Dynamic thinking is the ability to see and deduce behavior patterns rather than focusing on, and seeking to predict, events. It’s thinking about phenomena as resulting from ongoing circular processes unfolding through time rather than as belonging to a set of factors. …

Skill 2: closed-loop thinking

The second type of thinking process, closed-loop thinking, is closely linked to the first, dynamic thinking. As already noted, when people think in terms of closed loops, they see the world as a set of ongoing, interdependent processes rather than as a laundry list of one-way relations between a group of factors and a phenomenon that these factors are causing. But there is more. When exercising closed-loop thinking, people will look to the loops themselves (i.e., the circular cause-effect relations) as being responsible for generating the behavior patterns exhibited by a system. …

Skill 3: generic thinking

Just as most people are captivated by events, they are generally locked into thinking in terms of specifics. … was it Hitler, Napoleon, Joan of Arc, Martin Luther King who determined changes in history, or tides in history that swept these figures along on their crests? … Apprehending the similarities in the underlying feedback-loop relations that generate a predator-prey cycle, a manic-depressive swing, the oscillation in an L-C circuit, and a business cycle can demonstrate how generic thinking can be applied to virtually any arena.

Skill 4: structural thinking

Structural thinking is one of the most disciplined of the systems thinking tracks. It’s here that people must think in terms of units of measure, or dimensions. Physical conservation laws are rigorously adhered to in this domain. The distinction between a stock and a flow is emphasized. …

Skill 5: operational thinking

Operational thinking goes hand in hand with structural thinking. Thinking operationally means thinking in terms of how things really work—not how they theoretically work, or how one might fashion a bit of algebra capable of generating realistic-looking output. …

Skill 6: continuum thinking

Continuum thinking is nourished primarily by working with simulation models that have been built using a continuous, as opposed to discrete, modeling approach. … Although, from a mechanical standpoint, the differences between the continuous and discrete formulations may seem unimportant, the associated implications for thinking are quite profound. An “if, then, else” view of the world tends to lead to “us versus them” and “is versus is not” distinctions. Such distinctions, in turn, tend to result in polarized thinking.

Skill 7: scientific thinking

… Let me begin by saying what scientific thinking is not. My definition of scientific thinking has virtually nothing to do with absolute numerical measurement. … To me, scientific thinking has more to do with quantification than measurement. … Thinking scientifically also means being rigorous about testing hypotheses. … People thinking scientifically modify only one thing at a time and hold all else constant. They also test their models from steady state, using idealized inputs to call forth “natural frequency responses.”

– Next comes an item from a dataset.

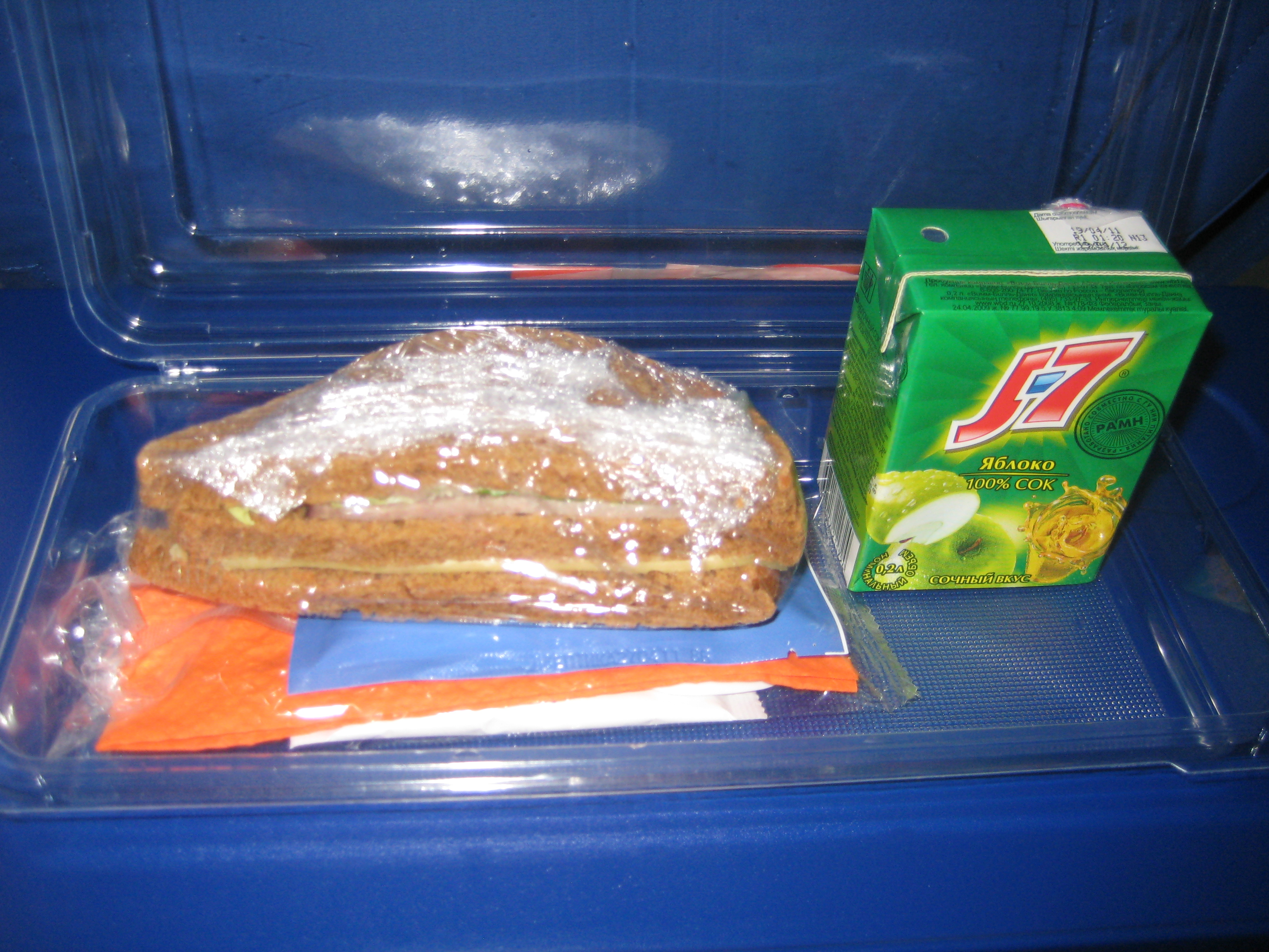 Кормили сразу после взлёта, возможно, самым вкусным несладким (сыр + томаты) горячим мультизерновым круасаном, который я когда-либо ел. Потом через какое время принесли невероятно вкусные и очень голландские штуки, которые даже не знаю, как по-русски назвать. (Голландского названия на упаковке не было). А на подлёте к Амстердаму разносили поднос-корзинку с разным печеньем, марсом, мятными конфетами и т.д. Напитки весь полёт--соки, кола, чай, кофе.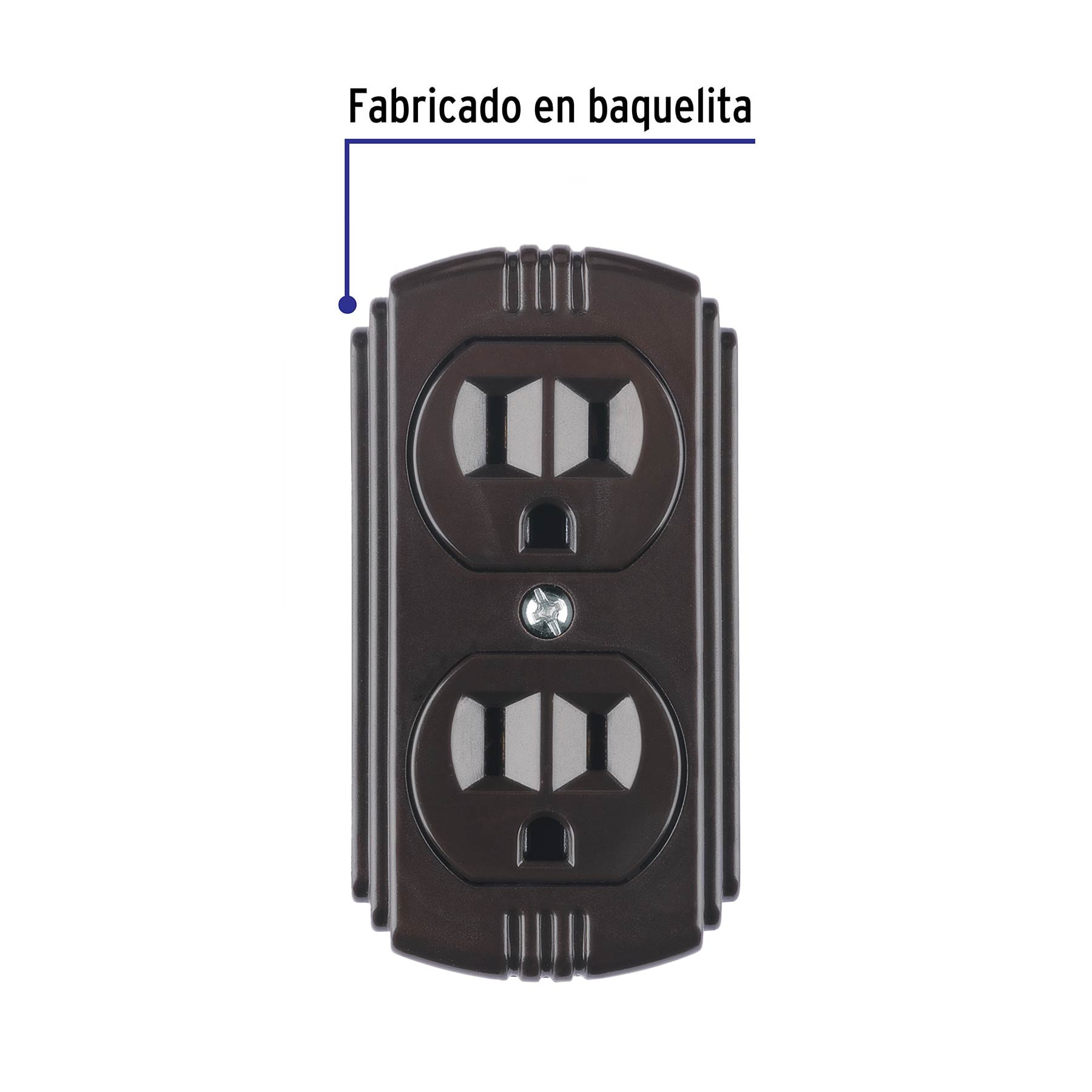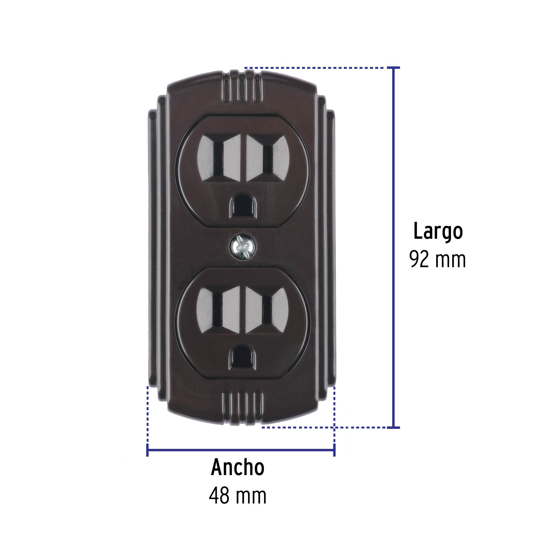 Contacto de sobreponer dúplex 2 polos+ tierra, café, Volteck

When one becomes aware that good systems thinking involves working on at least these seven tracks simultaneously, it becomes a lot easier to understand why people trying to learn this framework often go on overload. When these tracks are explicitly organized, and separate attention is paid to develop each skill, the resulting bite-sized pieces make the fare much more digestible. …

The connections among the various physical, social, and ecological subsystems that make up our reality are tightening. There is indeed less and less “away,” both spatially and temporally, to throw things into. Unfortunately, the evolution of our thinking capabilities has not kept pace with this growing level of interdependence. The consequence is that the problems we now face are stubbornly resistant to our interventions. To “get back into the foot race,” we will need to coherently evolve our educational system

… By viewing systems thinking within the broader context of critical thinking skills, and by recognizing the multidimensional nature of the thinking skills involved in systems thinking, we can greatly reduce the time it takes for people to apprehend this framework. As this framework increasingly becomes the context within which we think, we will gain much greater leverage in addressing the pressing issues that await us …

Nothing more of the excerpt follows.